Risk-Sensitive Security-Constrained Economic Dispatch: Pricing and Algorithm Design
Avinash N. Madavan, Nathan Dahlin, Subhonmesh Bose, Lang Tong
TL;DR
The paper addresses risk-aware security-constrained economic dispatch by embedding the CVaR risk measure ${\rm CVaR}_{\alpha}$ into a forward-looking ED framework, balancing dispatch cost with resilience to line outages. It develops a convex, linear-program formulation (R-SCED) that co-optimizes nominal generation, reserves, and contingent recourse actions across multiple outage scenarios, and proves two market-clearing pricing schemes (N-LMP and S-LMP) with ex-ante payments. The authors establish revenue adequacy and lost opportunity cost properties, showing that S-LMP ensures nonnegative merchandising surplus while N-LMP can fail to do so, especially under higher risk aversion. A Benders' decomposition algorithm is proposed to scale R-SCED to large networks, and numerical experiments on the IEEE 24-bus RTS network illustrate how risk aversion shapes load shedding, pricing signals, and computational performance. The work demonstrates that incorporating contingency costs into pricing via S-LMP yields more reliable and economically sound market outcomes and provides a scalable solution approach for risk-aware security-constrained operation.
Abstract
We propose a risk-sensitive security-constrained economic dispatch (R-SCED) formulation capturing the tradeoff between dispatch cost and resilience against potential line failures, where risk is modeled via the conditional value at risk (CVaR). In the context of our formulation, we analyze revenue adequacy and side payments of two pricing models, one based on nominal generation costs, and another based on total marginal cost including contingencies.

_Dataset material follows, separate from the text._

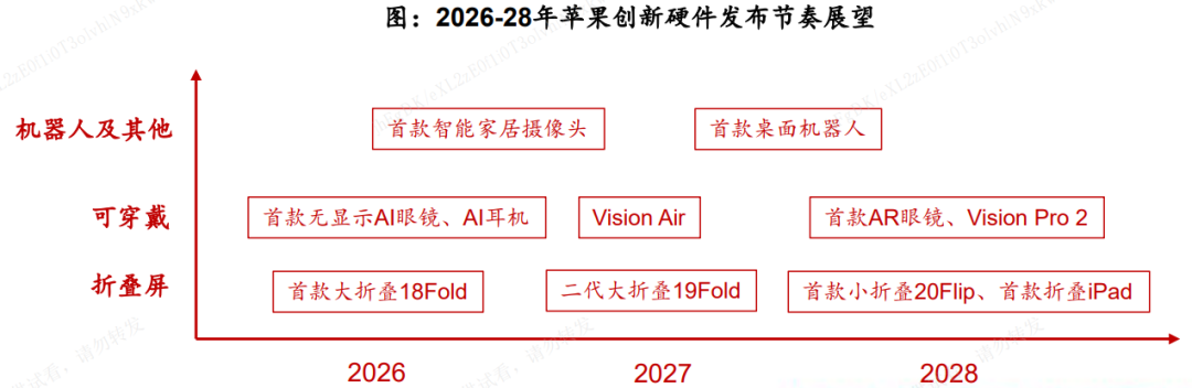 蘋果2026年Q1有望推出升級版Siri,新款 Siri將依賴谷歌Gemini模型的定制版本,重點(diǎn)提升語義理解、多輪對話及實(shí)時(shí)信息檢索能力,支持多步驟任務(wù)。Air/Pro/ProMax/折疊機(jī)預(yù)計(jì)于26年秋季發(fā)布,標(biāo)準(zhǔn)款發(fā)布或延遲至27年春季以平滑新品淡旺季;首款折疊屏iPhone 18 Fold(左右折)有望于2026年秋季推出。2026-28年蘋果有望迎來創(chuàng)新周期。

In particular, we prove that the system operator's (SO) merchandising surplus (MS) and total revenue are nonnegative under the latter, while under the former the same does not hold in general. We demonstrate that the proposed R-SCED formulation is amenable to decomposition and describe a Benders' decomposition algorithm to solve it. In numerical examples, we illustrate the differences in MS and total revenue under the considered pricing schemes, and the computational efficiency of our decomposition approach.